Le frère Charruet fit signe que non :
– Je voulais le faire ; on ne m’a pas permis de l’approcher et...
– C’est ce que nous allons voir ! Conduisez-moi à cet hôpital où les enfants inspirent le dégoût !
– Que voulez-vous faire ?
– Vous le verrez bien ! Holà, Marino ! Fais atteler deux chevaux ou plutôt trois et prépare-toi à nous accompagner.
– C’est de la folie ! Il va bientôt faire nuit, les portes vont se fermer et l’hôpital est à l’entrée de la route de Beaune, dit le prêtre.
– C’est bien pour cela qu’il faut faire vite !
Un instant plus tard, les trois hommes reprenaient le chemin de la porte d’Ouche. En effet, l’hôpital de la Charité, placé sous le vocable du Saint-Esprit, élevait ses bâtiments au bord même de la rivière d’Ouche, non loin de l’ancien hospice des pestiférés. C’était un vieil édifice, fondé en 1204 par le duc Eudes III pour les pèlerins, les pauvres malades et les enfants abandonnés. Des religieux du Saint-Esprit s’y partageaient l’ouvrage avec quelques dames augustines qui s’occupaient plus particulièrement des enfants.
Le jour baissait quand Francesco et ses deux compagnons arrivèrent en vue de l’antique portail. Soudain, Antoine Charruet saisit Francesco par le bras et le retint. Un homme sortait, accompagné jusqu’au seuil par un religieux.

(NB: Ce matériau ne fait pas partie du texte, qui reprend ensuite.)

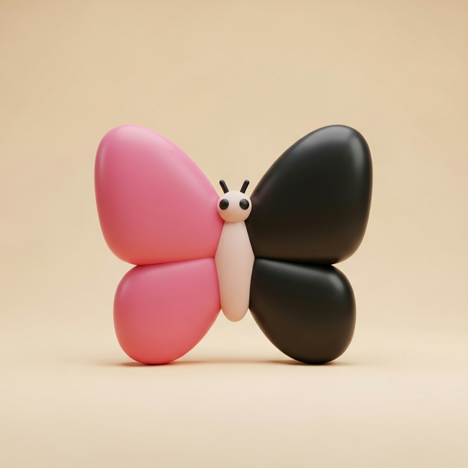 A minimalist butterfly sculpture with pink and black wings on a beige background, showcasing a modern and playful design.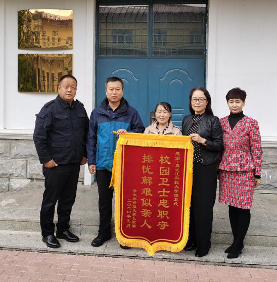 近日,国际教育学院中加计算机18-1班朱兴达的家长,为感谢学院和保卫处人员为朱兴达同学在校学习提供的帮助,分别送来两面锦旗,锦旗上写道:师德高尚,春风化雨;扶弱助残,情暖人心;校园卫士忠职守,排忧解难似亲人。对学校给予的关心和照顾表达了由衷的谢意。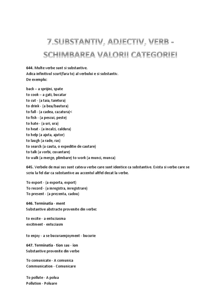 7 Substantivul Adjectivul Verbul Schimbarea Valorii Gramaticale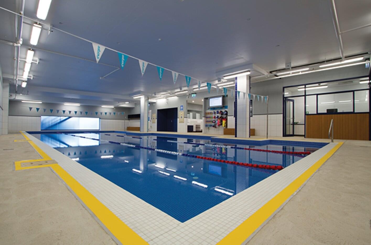 Covered with stunning Ezarri Glass Mosaic tiles and holding 166,000 litres of water, the 17.5m x 7m edge-to-edge pool is heated to 32 degrees whilst the air is temperature controlled to 24 degrees. This provides a comfortable environment for parents, swimmers and instructors year-round.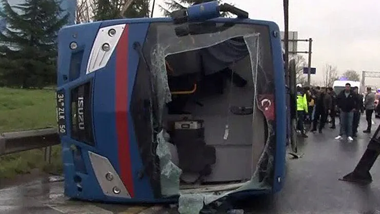 Kağıthane'de cezaevi nakil aracı devrildi: 19 yaralı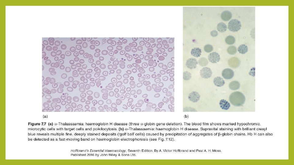 cont’d… ØMost patients are moderately affected, with a mild anemia of 7 -11 g/dl and markedly hypochromic, microcytic indices. ØSupravital staining of the blood film demonstrates cells with many Hb. H inclusions, giving a characteristic ‘golf-ball’ appearance. ØMost patients will be transfusion independent. ØSplenomegaly is seen in most patients.

– Regardez, dit le prêtre. C’est Regnault du Hamel ! Je le reconnaîtrais n’importe où en dépit de ce gros manteau où il s’abrite...
– ... et sous lequel il cache quelque chose ! Suivons-le !

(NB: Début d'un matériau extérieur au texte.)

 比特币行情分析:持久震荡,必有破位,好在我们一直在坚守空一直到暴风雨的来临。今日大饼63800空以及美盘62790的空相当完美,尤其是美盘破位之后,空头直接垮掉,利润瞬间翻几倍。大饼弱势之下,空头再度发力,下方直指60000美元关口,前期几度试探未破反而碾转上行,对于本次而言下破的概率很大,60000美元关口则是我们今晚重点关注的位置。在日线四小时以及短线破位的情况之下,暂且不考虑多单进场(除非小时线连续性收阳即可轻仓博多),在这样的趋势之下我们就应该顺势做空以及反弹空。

– Pensez-vous que ce serait... l’enfant ?
– J’en jurerais ! Ecoutez !
Le vent du soir leur apportait, en effet, un faible vagissement qui ôta les derniers doutes au prêtre. C’était bien l’enfant que du Hamel cachait sous son manteau et il était urgent de savoir ce qu’il en voulait faire. Laissant les bêtes à la garde de Marino, Francesco et son compagnon s’élancèrent sur sa trace. Elle n’était pas difficile à suivre. L’endroit était désert et l’homme ne se savait pas épié. Il marchait rapidement en direction du vieil hospice et de son affreux cimetière. Francesco le vit s’arrêter près de la fosse fraîchement refermée que la neige déblayée distinguait du reste du terrain. En un éclair, le Florentin comprit ce qu’il était venu faire là et, dégainant sa dague, il partit comme une flèche, rejoignit l’homme en un instant. Il était temps. Du Hamel avait dégagé des plis de son manteau un bébé qui se mit à crier quand il l’éleva au-dessus de sa tête pour le fracasser contre une pierre. Mais la dague de Francesco s’enfonçait déjà dans la chair de ses reins...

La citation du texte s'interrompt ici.